The phenomenon of fragmentation which occurs in numerous physical, 
chemical, and geological processes, has attracted a considerable
recent interest. Fragmentation can be exemplified by polymer 
degradation, grinding of minerals, atomic collisions cascades, 
energy cascades in turbulence, multivalley structure of the phase space of
disorder systems, $\etc$ \cite{1,2,3,4,5,6,7}. In general, fragmentation is a 
kinetic process with scattering, breaking, or splitting of 
particular material into smaller fragments. With such wide-ranging 
applications it is natural to try to abstract the essential features 
of fragmentation and to model them as simple as possible. 
One characteristic feature of these cascade processes 
is that fragments continue splitting independently. 
This allows one to describe the evolution by linear rate equations. 
Another restriction which is used in almost all studies of 
fragmentation is the implicit assumption that fragments may 
be described by a single variable, say their mass or size. 
The simplest model satisfying these restrictions is the so-called 
random scission model \cite{5,8,9}. In this model,
the distribution of sizes is described by the integro-differential
equation, 
\begin{equation}
\pd \pxt t = -x\pxt + 2\inx \pyt,
\label{1}
\end{equation}
where $\pxt$ is the concentration of fragments of mass (size) $x$, 
$x$-mers, at time $t$. The loss term on the right-hand side represents
the decrease of $x$-mers due to binary breakups. The probability of
breaking at every point is assumed to be constant in the random 
scission model and hence the overall rate at which an $x$-mer breaks  
is equal to $x$. The gain term in Eq.~(\ref{1}) represents the increase of
$x$-mers due to breakups of longer fragments. The general solution  
\cite{5,8,9} to Eq.~(\ref{1}) is
\begin{equation}
\pxt=e^{-xt}\pix + e^{-xt}\inx \piy\left[2t+t^2(y-x)\right].
\label{2}
\end{equation}
In the long-time  limit, 
this exact solution  approaches the scaling form
\begin{equation}
\pxt = Ct^2e^{-xt}, \quad C=\ini y\piy,
\label{3}
\end{equation}
if we keep $xt$ finite while taking the limit $t \to \infty$ and $x\to 0$.

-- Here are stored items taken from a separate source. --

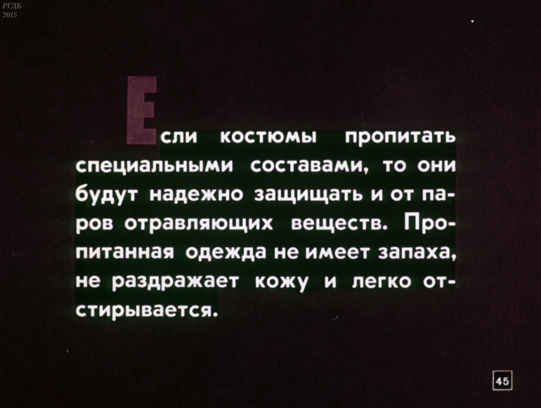 Если костюмы пропитать специальными составами, то они будут надежно защищать и от паров отравляющих веществ. Пропитанная одежда не имеет запаха, не раздражает кожу и легко отстирывается.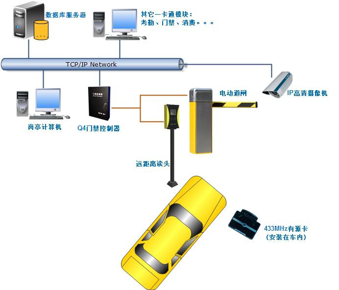 在車內(nèi)擋風玻璃合適位置安裝有源卡,選用最成熟的433MHz頻段有源卡,另加38KHz紅外激勵功能;該卡平時并不會發(fā)射電磁波,當靠近遠距離讀頭的時候,該讀頭首先用38KHz的紅外線來激勵和定位所捕捉到的有源卡,車內(nèi)的有源卡激勵之后,采用433MHz的頻率和讀頭一對一綁定通訊,一旦綁定之后,即使有另外一張卡進入感應范圍,系統(tǒng)也可以辨別,有效解決了433MHz定向讀卡的問題;遠距離讀頭讀到卡號之后,通過WG26格式和Q4門禁控制器通訊,Q4收到卡號之后,判斷權(quán)限,若有權(quán),則驅(qū)動道閘工作,并存儲和實時上報刷卡記錄,崗亭計算機收到記錄之后,立即啟動IP高清攝像機進行抓拍照片,整個過程1秒之內(nèi)完成(這個步驟可選,并非一定需要);閘機下方有兩組地感,車輛在未駛出地感之前不會落桿,防止砸車。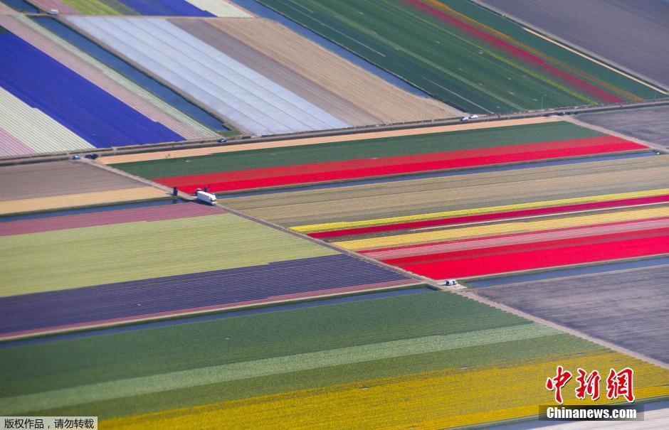 航拍世界最大郁金香田 似彩色地毯美不胜收

The random scission model is a representative  
example of ``one-dimensional'' fragmentation processes in which
fragments are described by a single variable.
The kinetics of such fragmentation processes is now well 
understood and numerous explicit and scaling solutions have
been found \cite{4,5,8,9,10,11,12,13,14}.  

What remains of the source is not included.